Showing posts with label Matched. Show all posts
Showing posts with label Matched. Show all posts

Monday, December 6, 2010

Winners

Thanks to everyone who stopped by to welcome Matched into the world! I'm pleased to announced that the two winners are:

Sylvia sylvia_uy4(at)yahoo(Dot)com

and

Amanda amandatheaker(at)gmail(dot)com

Congrats!!

Friday, December 3, 2010

Q&A with Ally Condie

I love it when author friends stop by and indulge the weirdness of my brain! Here's my Q&A with Ally Condie, author of Matched.

The opening scene of your book describes the matching event, and Cassia has chosen a green dress to wear (which is also on the cover). Green is my favorite color and I love that dress – the story intimates that her choice of color says something about her, but what made you decide her dress should be green?

*I wanted Cassia’s dress to be green for a couple of reasons. One of the reasons is very superficial—I wanted it to match her eyes! More importantly, I also liked the symbolism of the color green and its traditional connections with growth, spring, etc. And finally, I liked that it had a connection with the green tablet, which is important to the story.

It’s fascinating that culture has been limited to the 100 lists – did you actually create a list of each 100 books, songs, etc. If so, what was that like?

*I didn’t create the lists in their entirety. I do know a few items on each list.
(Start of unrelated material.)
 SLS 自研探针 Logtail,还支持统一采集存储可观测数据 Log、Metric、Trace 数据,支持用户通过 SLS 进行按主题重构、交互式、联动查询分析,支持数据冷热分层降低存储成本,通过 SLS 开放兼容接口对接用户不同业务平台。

The list the Society created would be very different from my own personal list, so it would be a little daunting to create theirs. They wouldn’t include anything subversive, they would limit the diversity of the list, etc.

In the Society, it’s dangerous to be exceptional. Do you think our world ever tries to limit originality?
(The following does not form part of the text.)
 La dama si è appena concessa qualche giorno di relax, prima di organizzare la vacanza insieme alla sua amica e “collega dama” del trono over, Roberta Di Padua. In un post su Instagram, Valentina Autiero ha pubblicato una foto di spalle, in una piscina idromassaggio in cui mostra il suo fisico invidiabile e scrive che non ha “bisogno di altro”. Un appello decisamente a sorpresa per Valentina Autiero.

*Yes, I do. I think we have a lot of cultural ideas about what beauty and success should look like and we like people to fit those molds. However, we do also live in this time of unparalleled freedom of expression, so that is pretty amazing.

This is totally random, but does the Society allow people to have pets?

*No, they don’t! And you’re the first person to notice that! I thought it was this sort of creepy thing that there are no animals on the streets or in the yards, etc. It’s just another way the Society exercises control. The people in the Farmlands have farm animals, but there are no actual pets.

If Cassia were to step into our world for a day, what do you think she would be the most surprised by?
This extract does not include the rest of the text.